**Problem details:** Starting at the top of the records below, write out each line exactly as it stands, stopping after the line with "ヘコむあだ名 | 『ヨキぷりん』『ヨキ(笑)』 |"; exclude the pictures.

++++ Source data

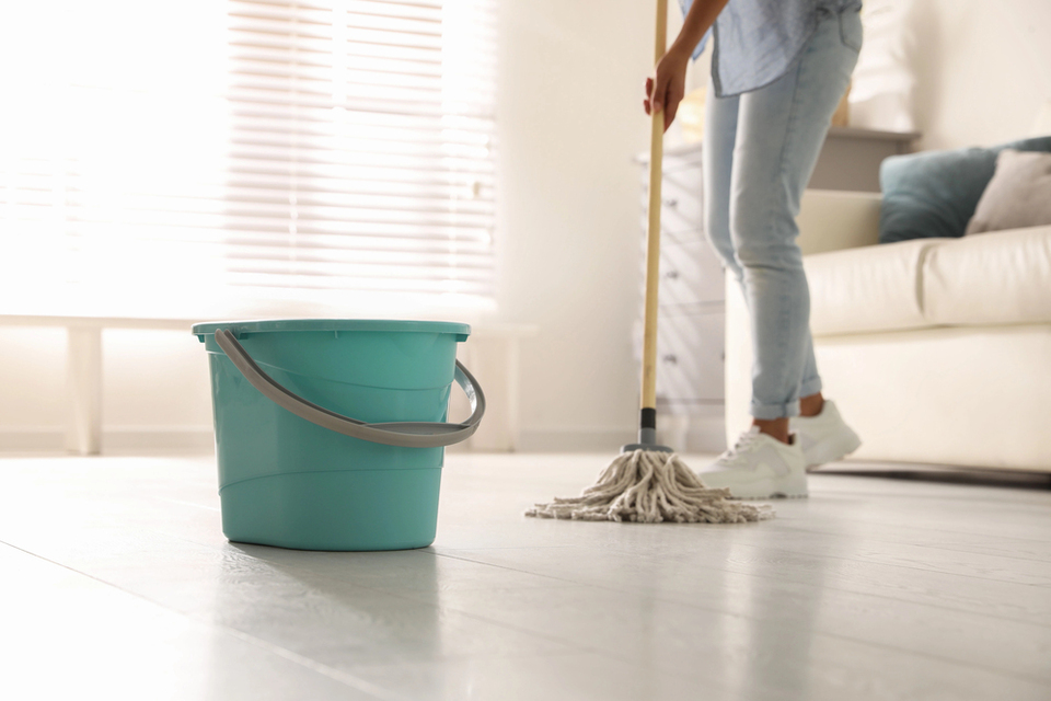 Для миття підлоги краще використовувати теплу воду — гаряча робить поверхню липкою, а холодна погано змиває стійкий бруд.
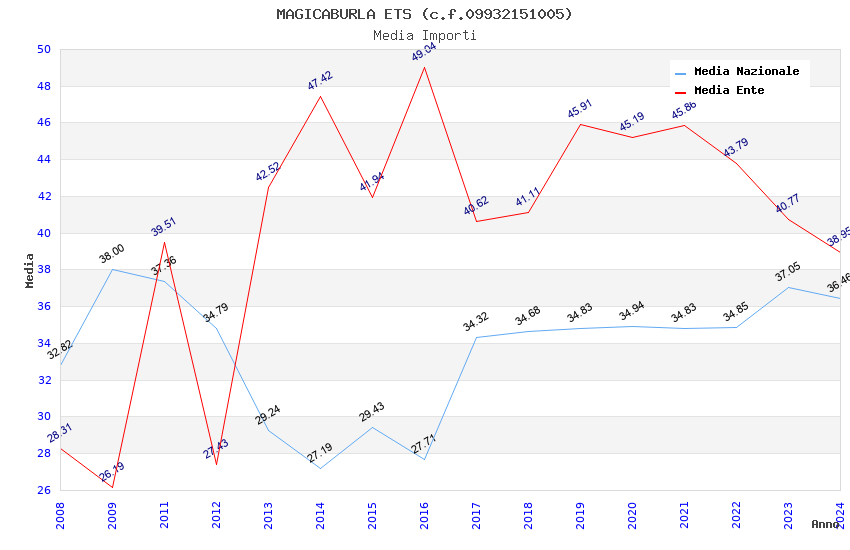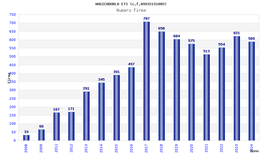 | Anno | Firme | Importi | Media | Naz. | Reg. | Prov. | Comu. |
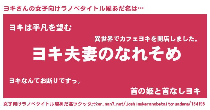 | ヘコむあだ名 | 『ヨキぷりん』『ヨキ(笑)』 |
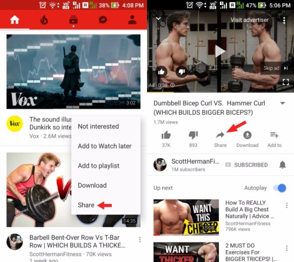 Second, for any YouTube video, you can tap the overflow menu button (three dots) and tap the Share option and then select the person. You also use the Share option while a video is playing.
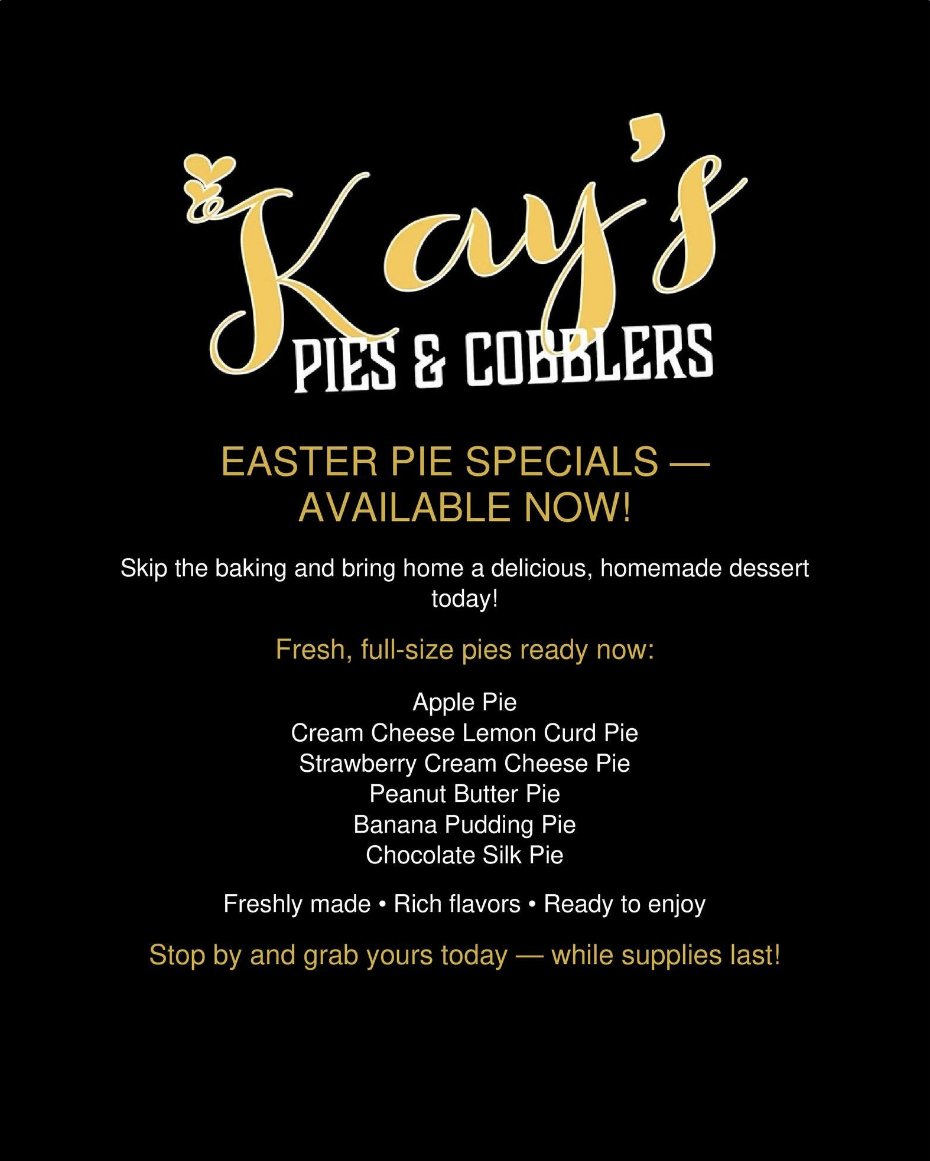 Kay’s Pies & Cobblers, Booth #67, Northwest Corridor
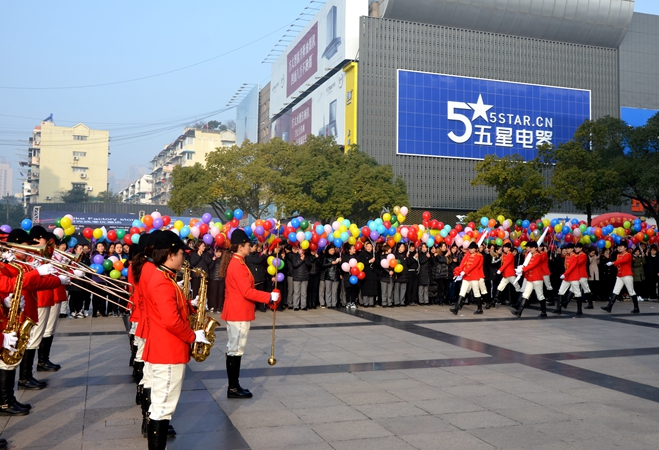 在步行街華億國際南樓門前廣場,數(shù)百名員工排列成整齊的隊伍,千余只氣球在空中歡快的舞動著,八門禮炮一字排開,氣氛熱烈。上午九時許,主持人宣布升旗儀式正式開始,華億軍鼓樂隊奏響《國歌》和《華億之歌》,女子升旗手們踢著正步來到旗桿前。伴隨著雄壯的樂曲,五星紅旗和華億集團司旗緩緩升起,迎風飄揚。
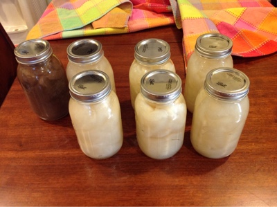 Fill the pot 1/4'way with water, set on grill with low/medium heat. Put jars in. Made sure the water level was at least 1/2 way up the jar but not higher than 3/4. Adjusted the heat to make sure it got hot but didn't bubble. First 20 minutes stirred gently every 5 minutes. Added 1/2 Tbsp of citric acid and stirred well. Another 20 minutes stirred three times.

++++++++

**Exercise answer:**
 Для миття підлоги краще використовувати теплу воду — гаряча робить поверхню липкою, а холодна погано змиває стійкий бруд.
 | Anno | Firme | Importi | Media | Naz. | Reg. | Prov. | Comu. |
 | ヘコむあだ名 | 『ヨキぷりん』『ヨキ(笑)』 |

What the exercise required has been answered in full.